Regulating Water Pressure with Balancing Reservoirs

Regulating Water Pressure with Balancing Reservoirs

The Night “Rest Period” Transformed Into One of Work to Equalize Pressure in the Daytime—Steel Tanks Are Used for This Purpose

THE plan described in the following paper will prove of especial interest to those superintendents who are wrestling with the problem of fluctuation in consumption and how to meet it.

Balancing reservoirs have an every-day name in Los Angeles. We call them “kickback tanks,” a self-explanatory name. That is just what they are. They fill up with water at night and kick it back out the next day. The principle of their action is not new. Any reservoir placed at the end of a water main farthest from its source of supply, acts as a kickback tank. By its use a main trunk or feeder line supplying a water distributing system along its length is made to work twenty-four hours a day instead of fourteen or fifteen hours as is usually the case when not double headed by reservoirs at each end.

Chart Resembling Cross-Section of Egg

A twenty-four hour pressure gauge chart of the circular type was clocked on a water main having a reservoir at one end only. Charts such as this almost invariably resemble the cross-section of an egg along its major axis. This, as we well know, is due to the fact that during the hours from 6 a. m. to 9 p. m. the draft on the main is heavy, and the resulting pressure is low, thus forming the small and pointed end of the egg. The larger and more rounded end is formed during the somewhat shorter night period of low consumption and corresponding high pressure in the main.

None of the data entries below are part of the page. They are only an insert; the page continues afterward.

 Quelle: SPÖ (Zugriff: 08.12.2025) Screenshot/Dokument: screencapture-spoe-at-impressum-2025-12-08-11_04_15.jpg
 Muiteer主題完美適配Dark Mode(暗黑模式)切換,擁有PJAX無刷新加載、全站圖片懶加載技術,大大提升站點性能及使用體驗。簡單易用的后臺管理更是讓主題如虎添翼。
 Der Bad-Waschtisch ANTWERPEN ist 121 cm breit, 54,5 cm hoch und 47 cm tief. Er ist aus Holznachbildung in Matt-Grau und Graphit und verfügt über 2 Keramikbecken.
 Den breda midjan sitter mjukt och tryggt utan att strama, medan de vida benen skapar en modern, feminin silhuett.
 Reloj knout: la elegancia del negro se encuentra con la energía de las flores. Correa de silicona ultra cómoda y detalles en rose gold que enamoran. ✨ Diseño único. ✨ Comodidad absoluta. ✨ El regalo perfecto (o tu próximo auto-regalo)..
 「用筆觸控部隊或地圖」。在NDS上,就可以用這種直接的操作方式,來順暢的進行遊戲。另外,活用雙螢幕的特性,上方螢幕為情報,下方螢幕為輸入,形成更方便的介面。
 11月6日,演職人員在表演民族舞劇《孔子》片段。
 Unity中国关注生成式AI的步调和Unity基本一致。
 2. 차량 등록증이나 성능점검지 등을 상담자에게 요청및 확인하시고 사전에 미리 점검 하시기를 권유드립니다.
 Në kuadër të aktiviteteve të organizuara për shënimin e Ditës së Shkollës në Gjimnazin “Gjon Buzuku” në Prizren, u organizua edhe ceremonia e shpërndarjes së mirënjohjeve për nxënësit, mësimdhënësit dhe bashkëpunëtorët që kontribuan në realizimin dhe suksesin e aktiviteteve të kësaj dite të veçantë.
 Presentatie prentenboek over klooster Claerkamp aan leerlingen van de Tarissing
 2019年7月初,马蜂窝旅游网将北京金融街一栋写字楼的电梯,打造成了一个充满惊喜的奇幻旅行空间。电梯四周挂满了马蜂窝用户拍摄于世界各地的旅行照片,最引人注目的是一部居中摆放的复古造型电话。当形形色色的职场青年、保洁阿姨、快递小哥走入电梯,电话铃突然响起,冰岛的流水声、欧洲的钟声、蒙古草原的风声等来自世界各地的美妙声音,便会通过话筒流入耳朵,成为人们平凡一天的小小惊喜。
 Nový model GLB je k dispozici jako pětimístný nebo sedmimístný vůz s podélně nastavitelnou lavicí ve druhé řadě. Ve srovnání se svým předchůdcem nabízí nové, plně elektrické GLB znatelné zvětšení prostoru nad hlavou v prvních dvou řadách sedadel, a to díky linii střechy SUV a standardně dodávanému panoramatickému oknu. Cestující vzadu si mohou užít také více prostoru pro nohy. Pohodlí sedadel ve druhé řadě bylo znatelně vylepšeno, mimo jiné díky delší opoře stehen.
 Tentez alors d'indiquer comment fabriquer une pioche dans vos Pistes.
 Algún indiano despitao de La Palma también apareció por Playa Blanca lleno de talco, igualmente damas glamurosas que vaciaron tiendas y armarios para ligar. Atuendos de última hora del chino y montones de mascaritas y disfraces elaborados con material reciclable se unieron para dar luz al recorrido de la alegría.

Complaints of Lack of Pressure

Let us assume that our trunk line has been designed to care for only a moderate increase in consumption. Then suddenly, as quite frequently happens, and especially so in California cities, it becomes burdened with an abnormal and unexpected demand upon its capacity. Inspection of our pressure charts show that the pointed end of the egg is becoming shorter and flatter and may in extreme cases become concave at the points of peak load. Our patrons begin telephoning, complaining of poor pressure, and insisting that we do something to relieve the annoying and unsatisfactory condition. Our first thought of course is to enlarge our trunk line, and we at once begin making estimates of costs. The existing main may be a perfectly good cast iron pipe, capable of giving many more years of service. The cost of enlarging or paralleling it may mean the expenditure of thousands or even hundreds of thousands of dollars, depending on its size and length. In water works, the same as in any other business, the financing of enlargements and betterments is an ever present worry. Engineers are constantly faced with the necessity of building their works not more cheaply, but more economically.

Making Rest Period One of Work

With this aim in view we endeavor to find some means of prolonging the usefulness of our trunk line without expending too much of our funds. We again consult our pressure charts, but instead of viewing with alarm the ever increasing flatness of the small end of the egg we discover that there has been practically no change in the large rounded end and we ask ourselves if that nine or ten-hour period cannot be made one of work instead of rest for our trunk line.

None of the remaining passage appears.